The logbook results from Llama 3.1 405B were coded as Model “B”. NotebookLM results coded Model “C”; Gemini 1.5 Advanced Ultra results coded Model “D”; Claude 3.5 Sonnet results belong to Model “E”; ChatGPT o1-Pro results fall under Model “F”; ChatGPT o1 results coded Model “G”; GrokV2 were coded as Model “H”; DeepSeekV3 coded as Model “K” and finally, Gemini 2.0 Advanced coded as Model “M”.
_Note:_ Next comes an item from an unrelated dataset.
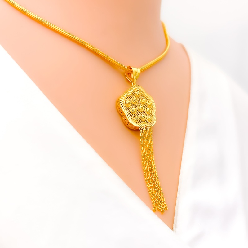 This 22k gold pendant, weighing 5.3 grams, features a majestic glowing flower design that exudes elegance and sophistication. The yellow gold finish enhances its luxurious and radiant appearance. Measuring 2.75 inches in length, this pendant is perfect for adding a touch of refined beauty to any necklace chain (chain not included). Ideal for those who appreciate exquisite craftsmanship and timeless floral motifs, this stunning pendant is a standout addition to any jewelry collection.
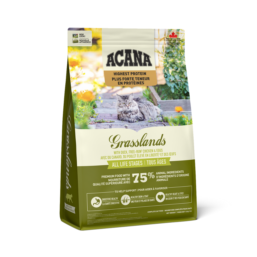 Cats require a diet rich in animal protein. Inspired by our vast grasslands and cold northern lakes, ACANA Grasslands is brimming with free-run chicken, turkey, and duck, cage-free eggs, and wild-caught fish, in WholePrey ratios of meat, organs, cartilage, and bone. Give your cat the best ingredients and a recipe that will keep them happy, healthy, and strong.

Phase 2 Reference A’s prompt was introduced in a separate A.I. model named Perplexity Pro to independently develop this Reference A themes and sub-themes [34]. Indeed, using structured prompts (Supplementary material 11) that synthesise information from the published peer-reviewed text and framework previously included in the Bennis et al. 2017 article and presented in Supplementary material 12. Four iterations of the same prompt were made using the Perplexity model to cover the targeted results shared between the four successive prompts generated, as shown in [35]. This approach aims to ensure consistency with previously established knowledge while leveraging A.I.‘s potential for systematic thematic synthesis and organisation.

Phase 3: comparative analysis of the sub-themes accuracy of the synthesis by models B, C, D, E, F, G, H, K and M supported by A.I. Compared to reference A

Phase 3A allowed the comparison of the 24 sub-themes of reference A to each of Models B, C, D, E, F, G, H, K and M. Indeed, the results of phases 2‐1 and 2‐2, based on the initial file containing all the students’ responses, enabled each model to generate four thematic analyses noticed 1st, 2nd, 3rd, and 4th. A response matrix (Supplementary material 13) included the 24 sub-themes of reference A and for each column as a variable, the sub-themes 1st, 2nd, 3rd, and 4th of each model, in addition to the three following combination 1st + 2nd, 3rd + 4th and 1st + 2nd + 3rd + 4th. Apart from this, each of the four models’ thematic analysis and their combinations were compared to the 24 sub-themes of reference A using a P/A matrix defining each sub-theme as either ‘Present’ or ‘Absent’. The comparison was made possible by employing the NotebookLM model. This model involved uploading at the same time all four PDF files (1st, 2nd, 3rd, and 4th) of each of the nine A.I. models as resources, with the adapted Canvas comparison with Reference A (Supplementary material 14).

Then, a prompt for Phase 3A (see Supplementary material 15) was applied systematically for each specific model. By introducing the “X” letter, there was no need to replace manually for each prompt the specific model letter B, C, D, E, F, G, H, K, and M. (as shown in the video demonstration) [36]. It should be noted that using NotebookLM was motivated by being the only model that could accept more than 50 resources as attachments for the same project, which helped the reproducibility of the results by rerunning the same repetitive prompts. Moreover, the possibility of selecting precise resources each time was perfect for avoiding any unintended learning that could influence the generation of specific model results.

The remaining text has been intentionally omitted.